An atom can hold three kinds of data:

Mathematical integers in the range -power(2,53) to +power(2,53)
Floating point numbers, in the range -power(2,1024)+1 to +power(2,1024)-1
Large mathematical integers in the same range, but with a "fuzz" that grows with the magnitude of the integer.

power(2,53) is slightly above 9.10¹⁵, power(2,1024) is in the 10³⁰⁸ range.

Floating-Point Math

Euphoria follows the standards set by IEEE for calculations for floating-point arithmetic. There is an intrinsic limit to the accuracy of calculations for any computer.

Because of these constraints, which arise in part from common hardware limitations, some care is needed for specific purposes:

The sum or product of two integers is an atom, but may not be an integer.
Memory addresses, or handles acquired from anything non Euphoria, including the operating system, must be stored as an atom.
For large numbers, usual operations may yield strange results.
Calculations with numbers that differ by a tiny amount can yield strange results
Calculations requiring many computations may suffer from rounding and truncation errors

This example, using algebra, has the exact result of one:

   n*n - (n+1)*(n-1) 
 = n*n - ( n*n - n + n - 1 ) 
 = n*n - n*n + 1 
 = 1

A computer can also be used perform this calculation. For "most" values the correct answer is displayed. But n has a size limit; if n is too big then capability of the computer hardware is breached:

integer n = power(2, 27) -- ok 
integer n_plus = n + 1 
integer n_minus = n - 1 -- ok 
atom a = n * n -- ok 
atom a1 = n_plus * n_minus -- still ok 
? a - a1 -- prints 0, should be 1 mathematically

This is not an Euphoria bug. The IEEE 754 standard for floating point numbers provides for 53 bits of precision for any real number, and an accurate computation of a-a1 would require 54 of them.

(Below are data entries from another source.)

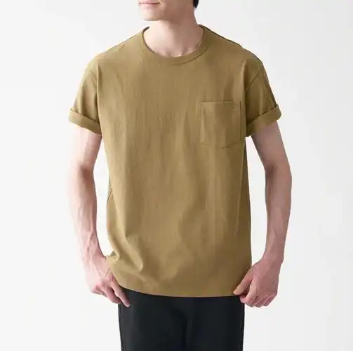 无印良品muji男式粗棉线口袋t恤
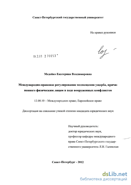 Апробация результатов исследования. Диссертация подготовлена на кафедре международного права юридического факультета Санкт-Петербургского государственного университета, где проведены ее обсуждение и рецензирование. Основные теоретические положения и сделанные в результате исследования выводы нашли свое отражение в опубликованных автором научных статьях, а также в докладах на конференциях, где они были уточнены и подтверждены в результате дискуссий. Также проведенное исследование позволило автору в рамках осуществления практической деятельности в качестве адвоката подготовить ряд рекомендаций для Министерства иностранных дел Российской Федерации по вопросам возмещения убытков, причиненных физическим лицам на территории Южной Осетии во время грузино-югоосетинского конфликта в августе 2008 г.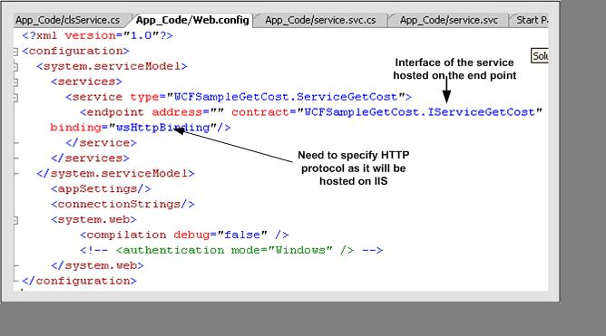 We also need to specify the service type and endpoint in web.config file. Also, note we have specified HTTP binding because we will be hosting the service on IIS.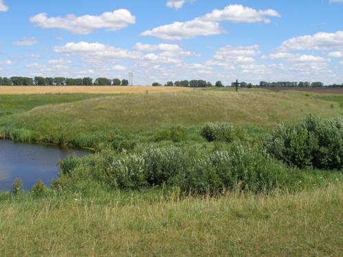 На казацком кургане кроме дубового креста, установленного еще в 2005 году, и памятной плиты нет ничего. Директор Сосновского сельхозпредприятия силами местных энтузиастов восстановил исторический вид кургана. Для этого сделал дамбу — вода поднялась и окружила могилу со всех сторон. Ведь казаки хоронили своих товарищей так, чтобы ни люди, ни звери не смогли потревожить их память, поэтому курган был окружен водой.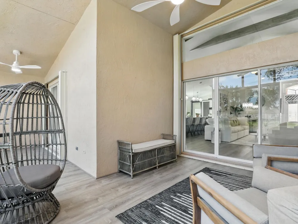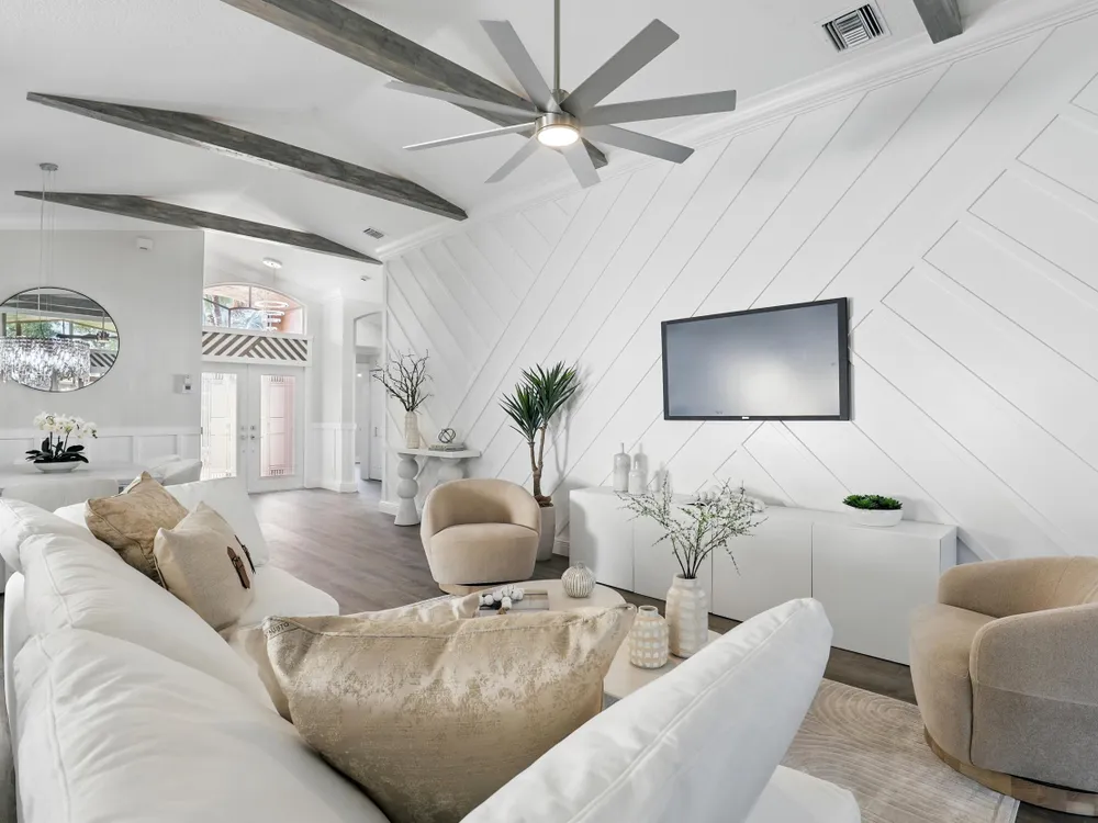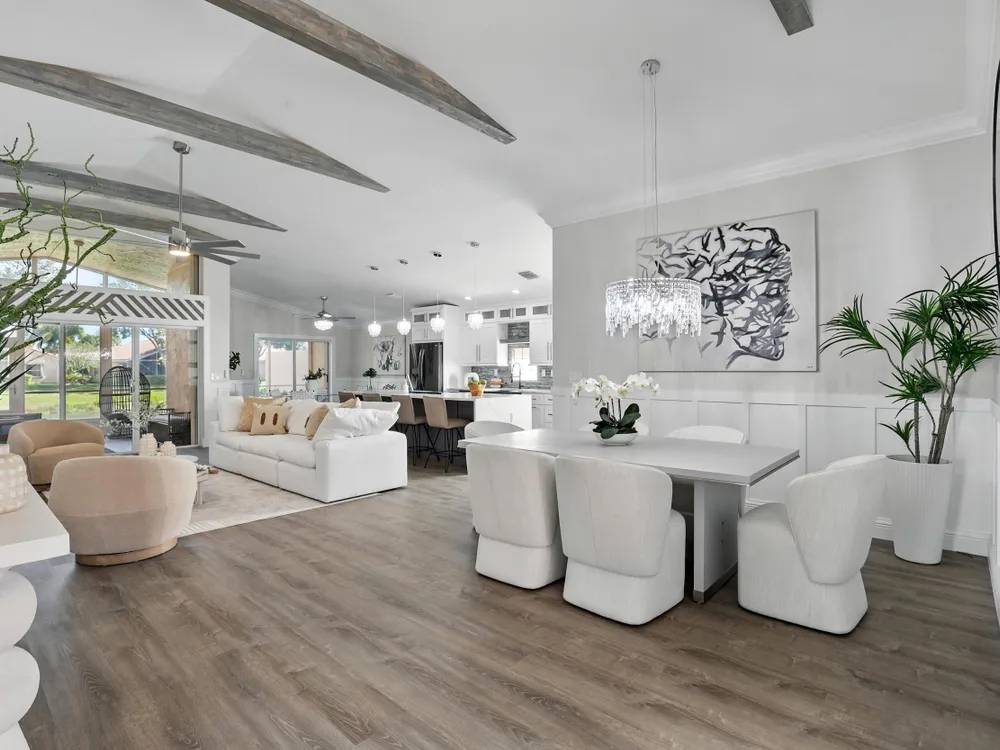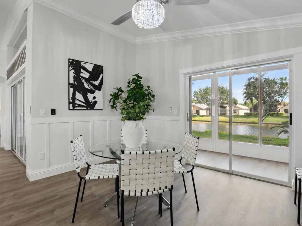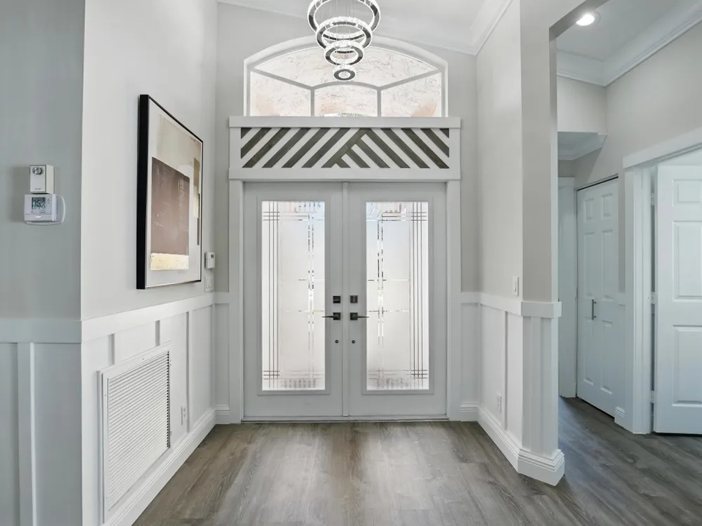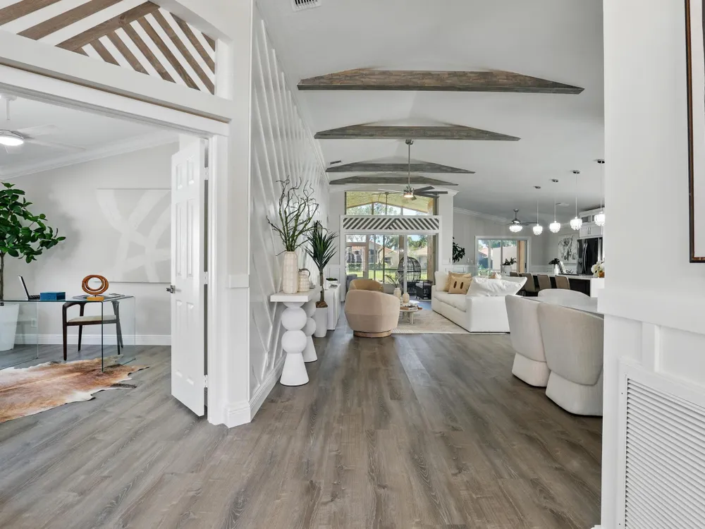 Updated from top to bottom! STUNNING, LAKEFRONT home featuring 3 bedrooms, 2 baths, and a spacious 2-car garage. Including a BRAND-NEW ROOF (2025) Hot water heater (2025). Designer finishes throughout include custom shaker cabinetry, quartz countertops with waterfall edging, brand-new black stainless-steel appliances, sleek center island. High ceilings. Premium laminate flooring. The elegant primary suite is set apart for added privacy and features two expansive walk-in closets, luxurious soaking tub & separate glass enclosed shower with seating. Dual sinks. Unwind on your covered screened patio overlooking the lake. Accordion shutters for added storm protection. This home is truly a showpiece! Meticulously upgraded!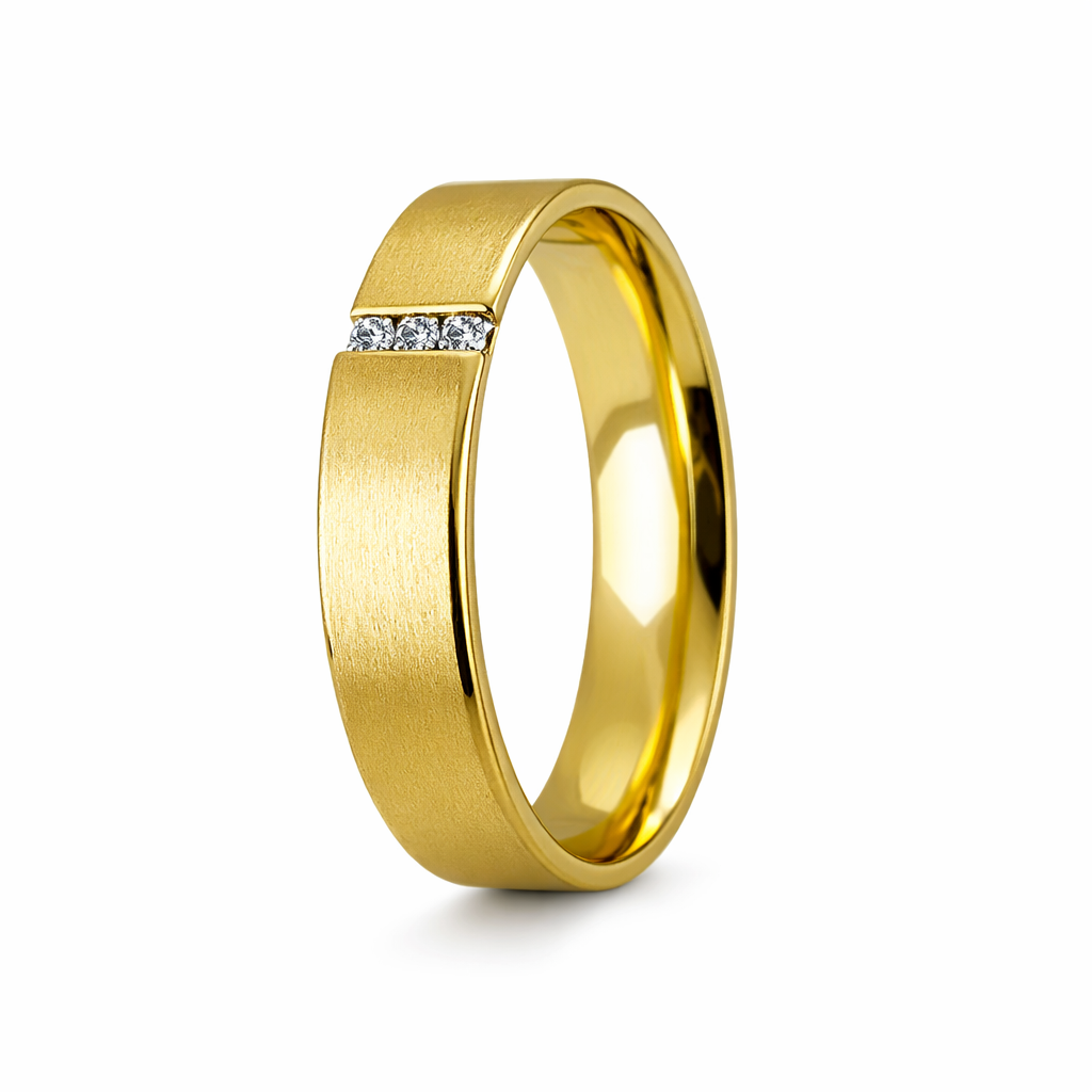 Alianças podem sofrer alteração de peso conforme sua numeração. Aliança em Ouro 18K 5,00 mm com 3 Diamantes de 2 Pontos 0,06 cts, acabamento polido com trabalho diamantado. Aproximadamente 5,00 mm de diâmetro. Fabricadas em Ouro Amarelo 18k, acompanham Certificado de Garantia e Autenticidade do Ouro 18k. Ideal para Noivado, Casamento ou Compromisso. Eternize esse momento com essa linda joia em Ouro 18k.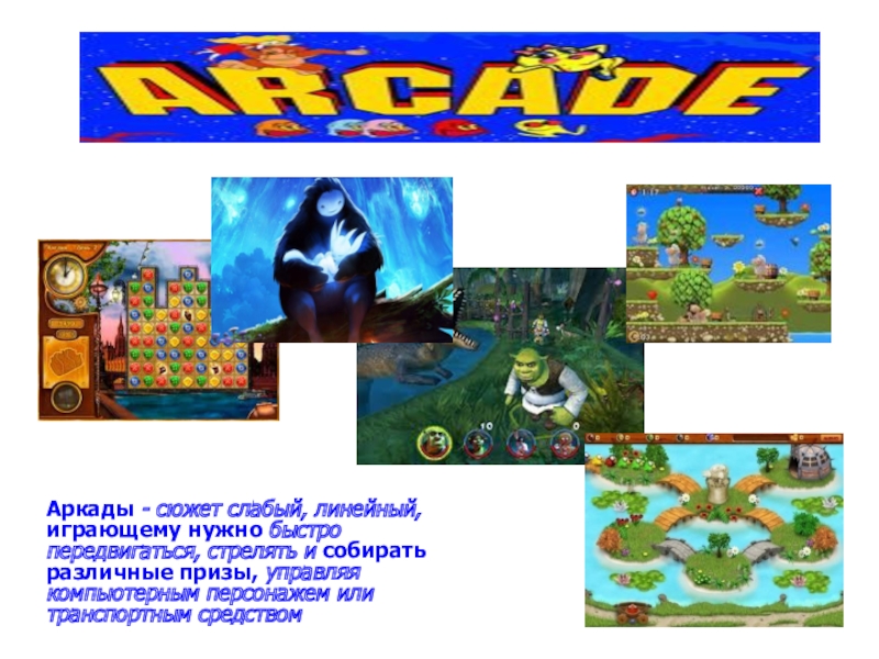 Слайд 11Аркады - сюжет слабый, линейный, играющему нужно быстро передвигаться, стрелять и

Intel FPU chips do have 64 bit precision registers, but the low order 16 bits are only used internally, and Intel recommends against using them for high precision arithmetic. Their SIMD machine instruction set only uses the IEEE 754 defined format.

Sequence

A sequence is a type that is a container. A sequence has elements which can be accessed through their index, like in my_sequence[3]. sequences are so generic as being able to store all sorts of data structures: strings, trees, lists, anything. Accesses to sequences are always bound checked, so that you cannot read or write an element that does not exist, ever. A large amount of extraction and shape change operations on sequences is available, both as built-in operations and library routines. The elements of a sequence can have any type.

Euphoria sequences are implemented very efficiently. Programmers used to pointers will soon notice that they can get most usual pointer operations done using sequence indexes. The loss is efficiency is usually hard to notice, and the gain is code safety and bug prevention far outweighs it.

Object

This type can hold any data Euphoria can handle, both atoms and sequences.

The object() type returns 0 if a variable is not initialized, else 1.

Boolean Values

Euphoria has no special "boolean data-type."

In Euphoria, a boolean value is just the interpretation of a number value that could be assigned to either an atom or integer. A value is false if it is zero. A value is true if is is non-zero.

In some libraries, there may be constants pre-defined as:

FALSE = 0 
TRUE = 1

Flow control statements depend on atomic values when a true or false result is needed; never a sequence. If a sequence is to be part of a conditional test, it must be used in a function that returns an atomic result.

In this documentation true and false are used describe conditional and flow structures. The proper atomic value must be actually used for these tests.

A boolean expression is any expression that will evaluate to an atomic value, and is interpreted as true or false.

See also: relational operators and control flow.

Character and String

Euphoria is easy to use for programming with text based data.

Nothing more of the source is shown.